08Which pays a better dividend — JJSF or RMCF or NWFL?
In this comparison, NWFL (4.
2% yield), JJSF (4. 0% yield) pay a dividend. RMCF does not pay a meaningful dividend and should not be held primarily for income.
09Is JJSF or RMCF or NWFL better for a retirement portfolio?
For long-horizon retirement investors, J&J Snack Foods Corp.
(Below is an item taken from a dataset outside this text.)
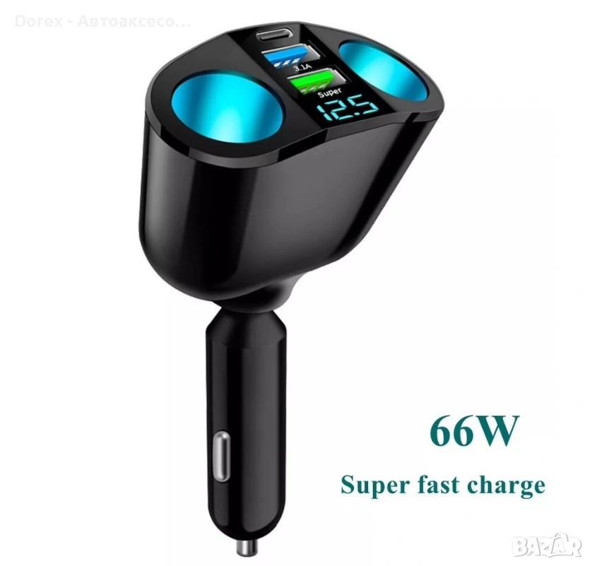 Практичен автомобилен аксесоар, който комбинира бързо зареждане на устройства и мониторинг на напрежението на акумулатора.

(JJSF) is the stronger choice — it scores higher on the combination of lower volatility, dividend reliability, and long-term compounding (low volatility (β 0. 15), 4. 0% yield). Both have compounded well over 10 years (JJSF: -2. 3%, RMCF: -55. 1%), confirming both are viable long-term holds — but the lower-volatility option typically results in less emotional selling during corrections. Retirement portfolios generally favour predictability over maximum returns. Consult a financial advisor before making allocation decisions.
10What are the main differences between JJSF and RMCF and NWFL?
These companies operate in different sectors (JJSF (Consumer Defensive) and RMCF (Consumer Defensive) and NWFL (Financial Services)), which means they face different economic cycles, regulatory environments, and macro sensitivities — making direct comparison nuanced.
In terms of investment character: JJSF is a small-cap income-oriented stock; RMCF is a small-cap quality compounder stock; NWFL is a small-cap high-growth stock. JJSF, NWFL pay a dividend while RMCF does not, making them suitable for different income and tax situations. These fundamental differences mean investors should not choose between them on a single metric — the "better stock" depends entirely on which of these characteristics aligns with your investment strategy.